» **THE PROBLEM**:
Every entry, start to finish, should be printed verbatim without pictures.
------------------------
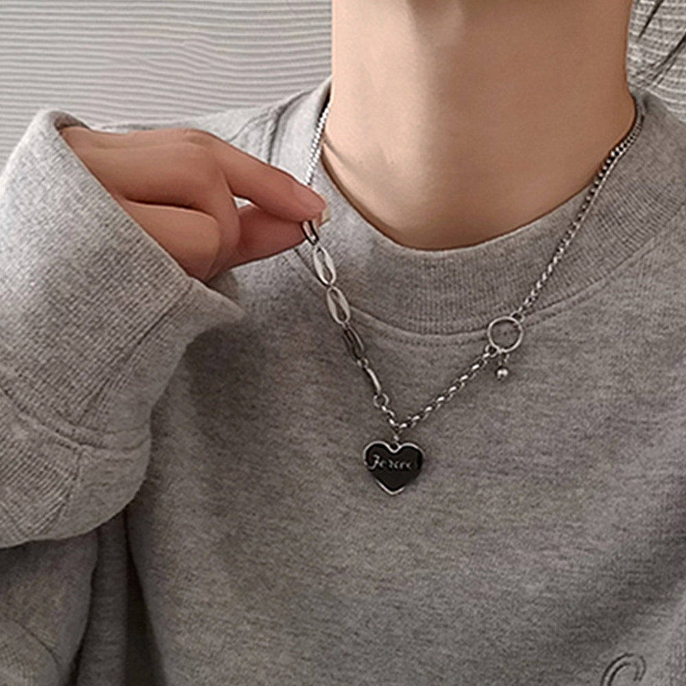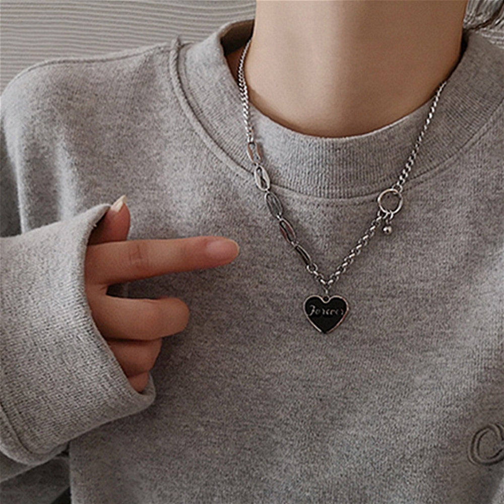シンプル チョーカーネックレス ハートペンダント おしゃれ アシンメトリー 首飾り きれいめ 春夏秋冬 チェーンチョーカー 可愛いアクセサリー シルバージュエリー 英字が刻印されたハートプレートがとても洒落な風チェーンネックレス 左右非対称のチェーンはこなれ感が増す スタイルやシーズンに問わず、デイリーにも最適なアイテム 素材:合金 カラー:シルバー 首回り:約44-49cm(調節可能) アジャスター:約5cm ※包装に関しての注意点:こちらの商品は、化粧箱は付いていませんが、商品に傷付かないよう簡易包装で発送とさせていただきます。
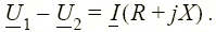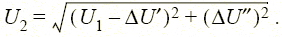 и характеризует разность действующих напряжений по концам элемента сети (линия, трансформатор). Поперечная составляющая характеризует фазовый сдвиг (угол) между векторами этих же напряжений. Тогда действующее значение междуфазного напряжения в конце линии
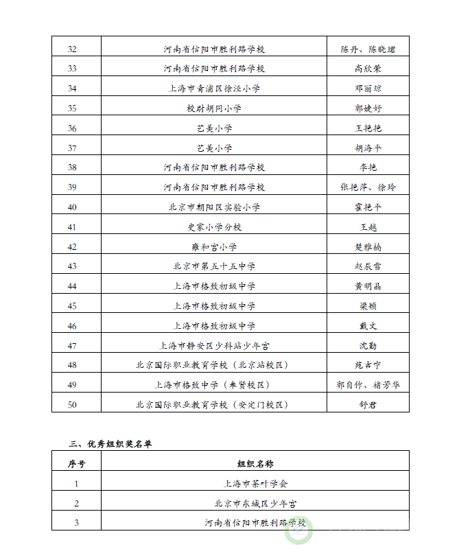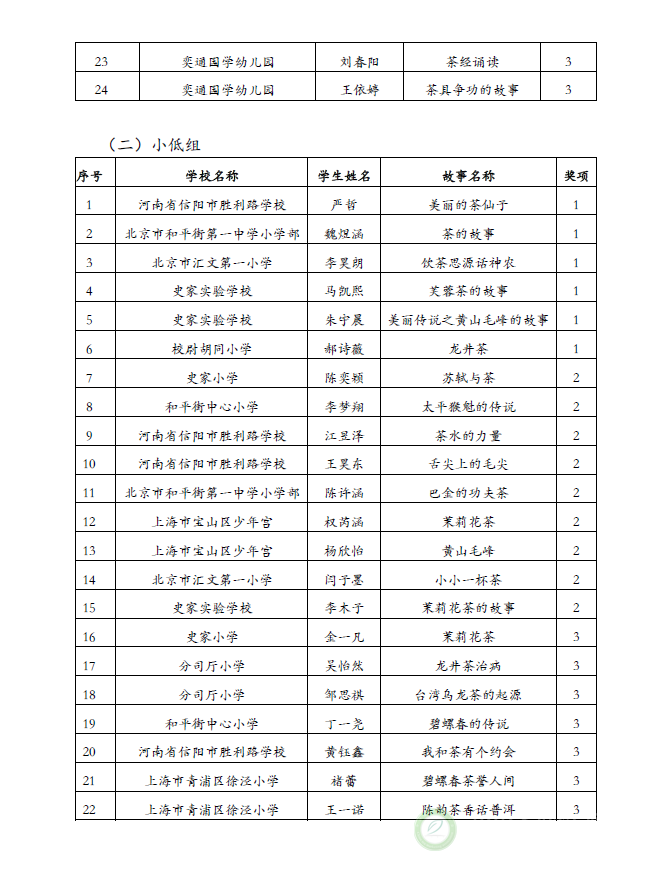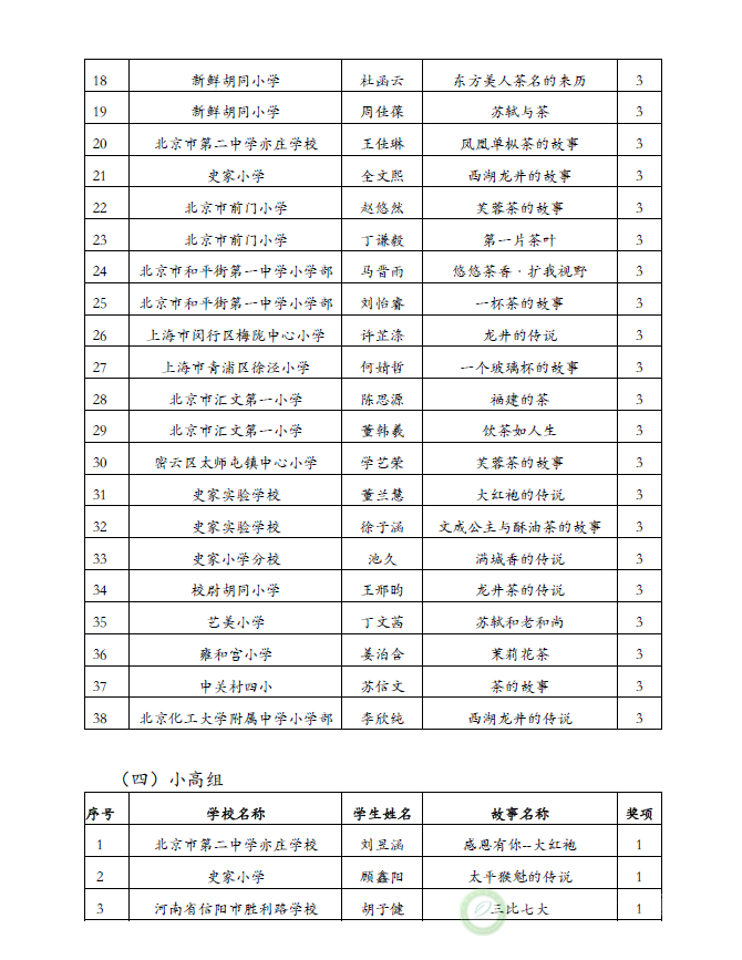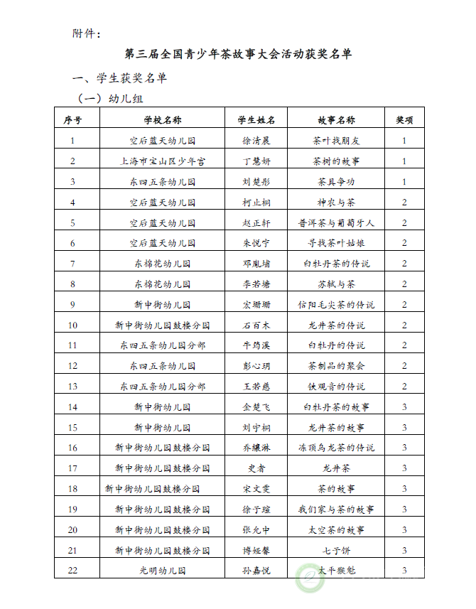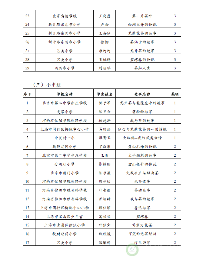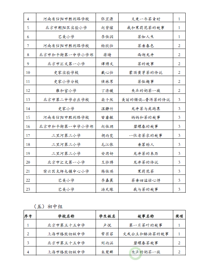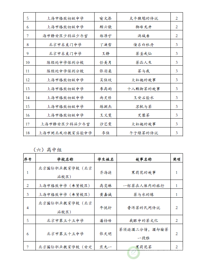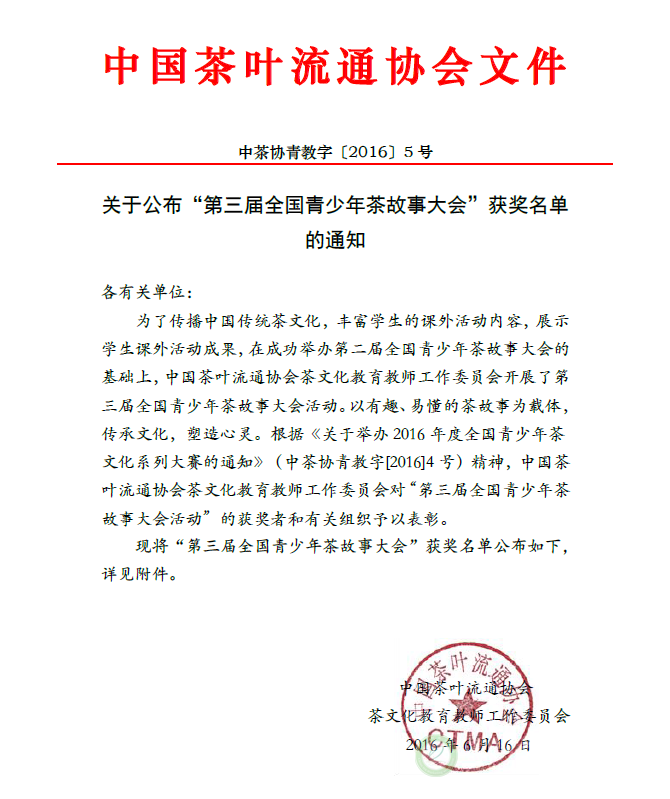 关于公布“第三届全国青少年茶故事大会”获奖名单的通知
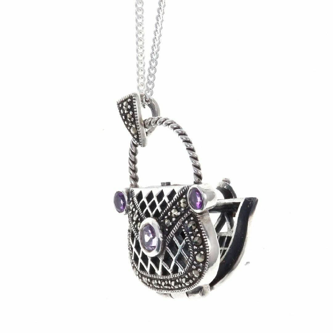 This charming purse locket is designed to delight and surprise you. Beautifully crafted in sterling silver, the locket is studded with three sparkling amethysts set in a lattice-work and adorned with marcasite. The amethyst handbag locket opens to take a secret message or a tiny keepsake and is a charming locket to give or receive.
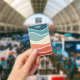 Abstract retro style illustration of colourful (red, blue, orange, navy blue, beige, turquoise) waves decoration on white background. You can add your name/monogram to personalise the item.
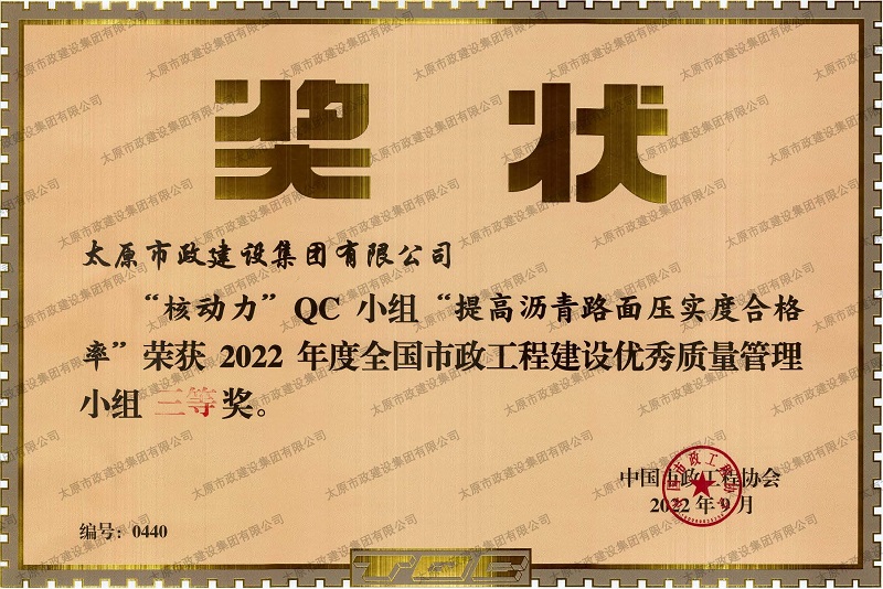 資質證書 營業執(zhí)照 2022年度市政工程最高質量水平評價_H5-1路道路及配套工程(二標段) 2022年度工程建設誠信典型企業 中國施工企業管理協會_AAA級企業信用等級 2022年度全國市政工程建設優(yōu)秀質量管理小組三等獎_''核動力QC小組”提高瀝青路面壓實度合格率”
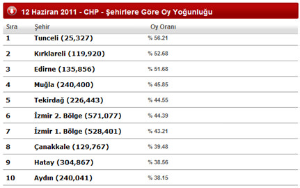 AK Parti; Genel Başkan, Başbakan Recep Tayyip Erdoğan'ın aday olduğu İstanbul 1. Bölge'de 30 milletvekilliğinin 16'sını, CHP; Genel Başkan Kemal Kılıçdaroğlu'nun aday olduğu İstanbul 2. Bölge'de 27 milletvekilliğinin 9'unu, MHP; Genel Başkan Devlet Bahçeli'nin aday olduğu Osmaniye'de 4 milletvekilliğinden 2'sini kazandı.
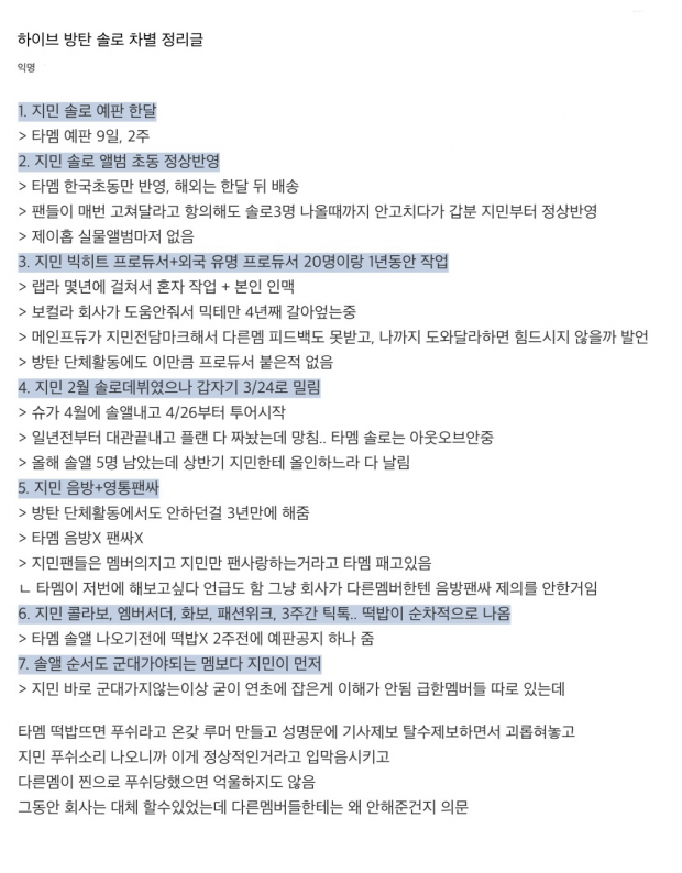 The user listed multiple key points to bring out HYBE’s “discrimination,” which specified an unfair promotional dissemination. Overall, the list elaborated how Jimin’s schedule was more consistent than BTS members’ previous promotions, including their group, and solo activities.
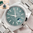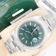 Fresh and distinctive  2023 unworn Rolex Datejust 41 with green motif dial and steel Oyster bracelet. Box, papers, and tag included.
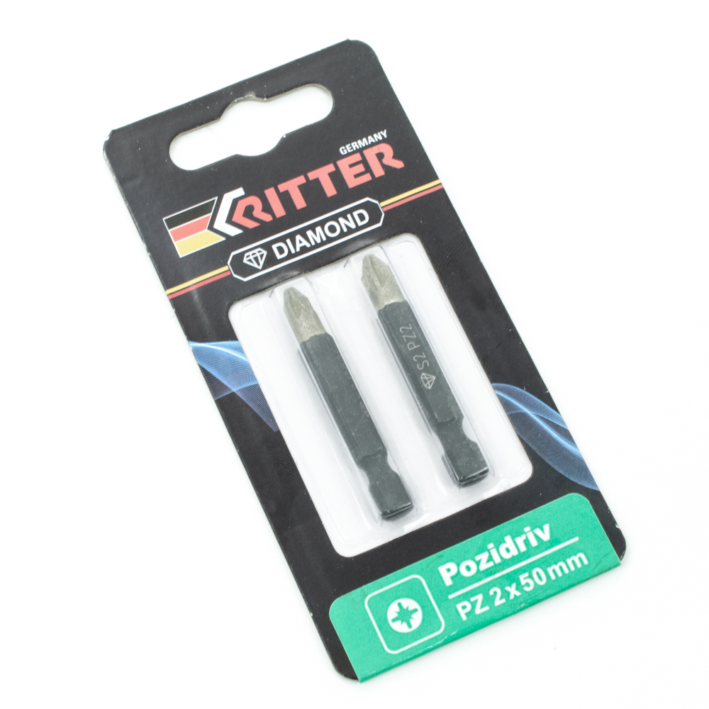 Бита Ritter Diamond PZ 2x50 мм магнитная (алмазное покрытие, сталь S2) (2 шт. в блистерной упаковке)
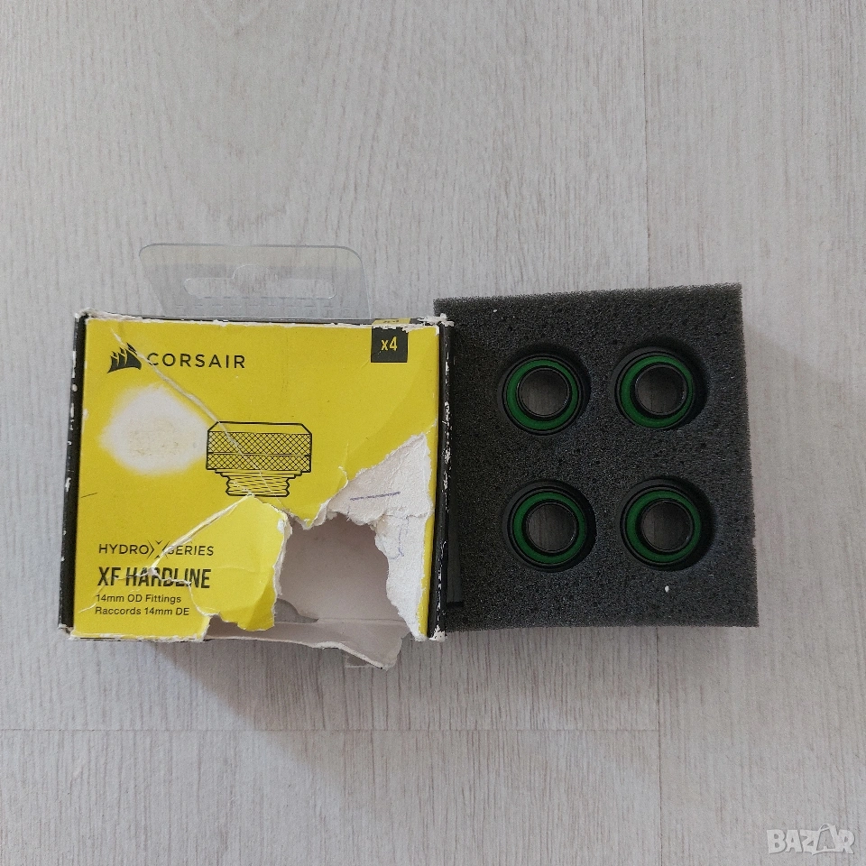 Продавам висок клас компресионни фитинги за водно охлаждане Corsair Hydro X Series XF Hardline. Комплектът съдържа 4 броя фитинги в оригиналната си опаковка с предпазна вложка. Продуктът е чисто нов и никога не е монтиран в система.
------------------------
» **WRITTEN REPLY**:
シンプル チョーカーネックレス ハートペンダント おしゃれ アシンメトリー 首飾り きれいめ 春夏秋冬 チェーンチョーカー 可愛いアクセサリー シルバージュエリー 英字が刻印されたハートプレートがとても洒落な風チェーンネックレス 左右非対称のチェーンはこなれ感が増す スタイルやシーズンに問わず、デイリーにも最適なアイテム 素材:合金 カラー:シルバー 首回り:約44-49cm(調節可能) アジャスター:約5cm ※包装に関しての注意点:こちらの商品は、化粧箱は付いていませんが、商品に傷付かないよう簡易包装で発送とさせていただきます。
 и характеризует разность действующих напряжений по концам элемента сети (линия, трансформатор). Поперечная составляющая характеризует фазовый сдвиг (угол) между векторами этих же напряжений. Тогда действующее значение междуфазного напряжения в конце линии
 关于公布“第三届全国青少年茶故事大会”获奖名单的通知
 This charming purse locket is designed to delight and surprise you. Beautifully crafted in sterling silver, the locket is studded with three sparkling amethysts set in a lattice-work and adorned with marcasite. The amethyst handbag locket opens to take a secret message or a tiny keepsake and is a charming locket to give or receive.
 Abstract retro style illustration of colourful (red, blue, orange, navy blue, beige, turquoise) waves decoration on white background. You can add your name/monogram to personalise the item.
 資質證書 營業執(zhí)照 2022年度市政工程最高質量水平評價_H5-1路道路及配套工程(二標段) 2022年度工程建設誠信典型企業 中國施工企業管理協會_AAA級企業信用等級 2022年度全國市政工程建設優(yōu)秀質量管理小組三等獎_''核動力QC小組”提高瀝青路面壓實度合格率”
 AK Parti; Genel Başkan, Başbakan Recep Tayyip Erdoğan'ın aday olduğu İstanbul 1. Bölge'de 30 milletvekilliğinin 16'sını, CHP; Genel Başkan Kemal Kılıçdaroğlu'nun aday olduğu İstanbul 2. Bölge'de 27 milletvekilliğinin 9'unu, MHP; Genel Başkan Devlet Bahçeli'nin aday olduğu Osmaniye'de 4 milletvekilliğinden 2'sini kazandı.
 The user listed multiple key points to bring out HYBE’s “discrimination,” which specified an unfair promotional dissemination. Overall, the list elaborated how Jimin’s schedule was more consistent than BTS members’ previous promotions, including their group, and solo activities.
 Fresh and distinctive  2023 unworn Rolex Datejust 41 with green motif dial and steel Oyster bracelet. Box, papers, and tag included.
 Бита Ritter Diamond PZ 2x50 мм магнитная (алмазное покрытие, сталь S2) (2 шт. в блистерной упаковке)
 Продавам висок клас компресионни фитинги за водно охлаждане Corsair Hydro X Series XF Hardline. Комплектът съдържа 4 броя фитинги в оригиналната си опаковка с предпазна вложка. Продуктът е чисто нов и никога не е монтиран в система.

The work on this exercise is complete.